Pair: beyond interaction

The research, analysis and design path of this thesis began with a very specific question: How the role of the user evolves with the advent of artificial intelligence? This question, although on the surface may appears relatively simple, carries with it numerous concepts that in a historical moment such as the one we are experiencing nowadays deserve to be addressed. In particular, the protagonists of this question are two. The first is the figure of the user, the real protagonist of the relationship between man and machine, as well as of interaction design. The second is artificial intelligence, which carries significance, yes technological, but above all social.

The first two chapters focus on giving an overview of the topic of artificial intelligence and interaction design. Specifically, the first chapter provides a historical overview of the technical and social evolution of AI, while the second chapter introduces the increasingly close relationship between programming and design.

Fundamental to understanding how to overcome these limitations has been to study the new relationship with machines that we experience today. If we think of the person, who from being a spectator has become a user, the same can be seen with machines, which from a medium have seen themselves covered with the role of interlocutor thanks to Artificial Intelligence. The consequences of all this bring with them challenges that need to be thoroughly analyzed today, such as the ethical, moral and practical consequences, which were also analyzed with the support of interviews with experts in the field.

The research and analysis conducted so far has opened up interesting dynamics that deserved to be explored in a real project. In particular, the ever-increasing technological capability of Artificial Intelligences and the increasingly human relationship that comes with our devices has led to the idea that The next interaction will not be an interaction. No more then based on what I do, but on what I mean.

In a context where machines are able to read their users' data to create personalized and unique outputs, the interaction relationship changes. It is no longer the human being interacting with the machine, but it is the machine interacting with the human being. This creates a new dialogue between human and machine, in which the point of view is reversed and in which the narrator becomes exclusively the system, and the user instead remains a listener of what he or she is unconsciously creating. This radical reversal of dynamics goes far beyond the discipline of interaction design and opens up important questions: what role would the machines cover if they led the game? Would they still be slaves as they are today? Or would their status be elevated?

From here, the design question raise: What if the device chooses the user?

A radical reversal of viewpoint, which brings with it the need to create special classifiers to allow the system to judge in its own way without forcing itself to human logic, just as happened in the history of computer vision. Where therefore humans identify need, the computer looks for necessity; where we look for value and aesthetics, the system looks for quantity and quality of data, and so on. For the system then there is no absolute and inescapable right and wrong, rather there are systems that will have certain needs and systems that will have others, depending on they consciousness. However, to create this emotional bridge between the user and the system, it is necessary to create something that actually can read the user, get to know him or her and connect with the user. This is how PAIR was born.

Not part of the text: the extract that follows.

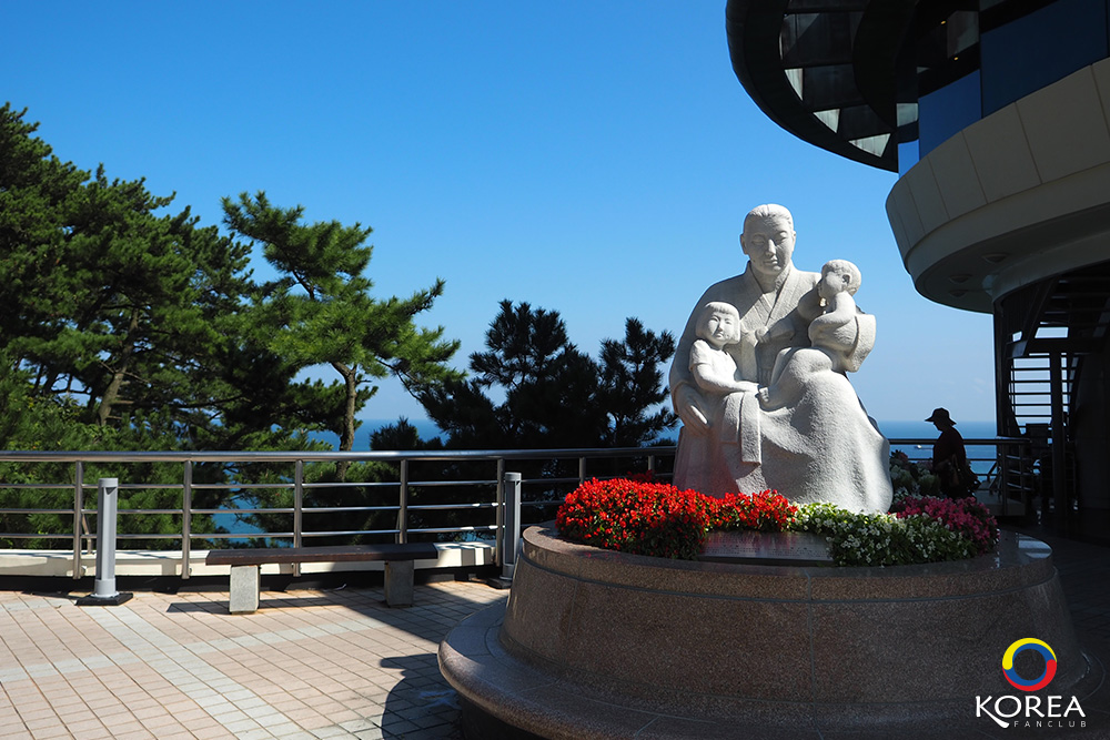 ด้านหน้าทางเข้าจะมีรูปปั้น The Statue of Mother and Children สร้างขึ้นในปี ค.ศ. 1976 เพื่อเตือนสติ คนที่คิดสั้นจะมาโดดหน้าผาฆ่าตัวตายที่ หน้าผาแทจงแด (Taejongdae) แห่งนี้ ความหมายของรูปปั้น แม่และเด็ก คือ เมื่อใดก็ตามที่เรามีปัญหา ยังมีคุณแม่ ที่พร้อมจะยื่นมือเข้ามาช่วยเหลือ พร้อมที่จะให้กำลังใจ และให้อภัยในความผิดพลาดของลูกแบบไม่มีเงื่อนไข (ลุงเด้งป้าไก่เชื่อว่า… ในอดีตต้องมีคนมาโดดหน้าผาฆ่าตัวตายที่บริเวณนี้อย่างแน่นอน)

PAIR stands for People Artificial Intelligence Relationship, a service that sets out to shape a new form of interaction. PAIR offers its users a particular accessory, which, thanks to the presence of multiple biological sensors, is able to know one's partner, detect the responses of his physique to external stimuli, and map what is positive, negative, or neutral for him. Studies in affective computing broughts to my attention the concept of affective wereables. Devices that through certain sensors are able to understand the emotional state of the wearer. These researches, combined with numerous other papers, allowed to give birth to a low-fidelity prototype, which through an Arduino board is the presence of a pulse meter, a sensor for blood oxygenation and one for the galvanic response of the skin is actually able to know the biological state of a person.

To obtain the emotional state, however, these three sensors were not enough. The data in their absolute value have a very relative meaning and don’t carry any information about the emotions. For this very reason, a Machine Learning model has been implemented. The aim was not to obtain all the emotions of the Russel’s spectrum, instead to be able to recognize the emotional response among three: positive, neutral and negative. To do this first, a data-collection phase was implemented. Although some dataset were found online, being the used sensors quite amateur the information contained weren’t comparable. Therefore, a special program was written for this phase, that was able to associate biofeedbacks and emotional state thanks to an already existing emotion detection model via webcam. After some testing and a deep calibration process, the dataset was ready. The obtained CSV was then cleaned and consequently passed to the training phase. For this phase has been used EdgeImpulse. Edgeimpulse is an online tool that allows to train a Machine Learning model from one's own data and to export that model for different usages. In particular, it is an excellent tool for live prediction, because it absolves the computer of the computational effort.

After feeding the data, the model learned to associate biofeedback with emotions, and the subsequent testing steps reported an accuracy of 82.81%. Certainly not perfect, but still decent for a speculative design project. Although possible, the ML model hasn’t be loaded on the Adafruit due to low memory that characterize these microcontrollers. Instead, a local server was set up in a javascript environment, where via P5.js a serial connection was opened between the Arduino and web browser, and via node.js and the libraries provided by EdgeImpulse the live data was compared with the ML model.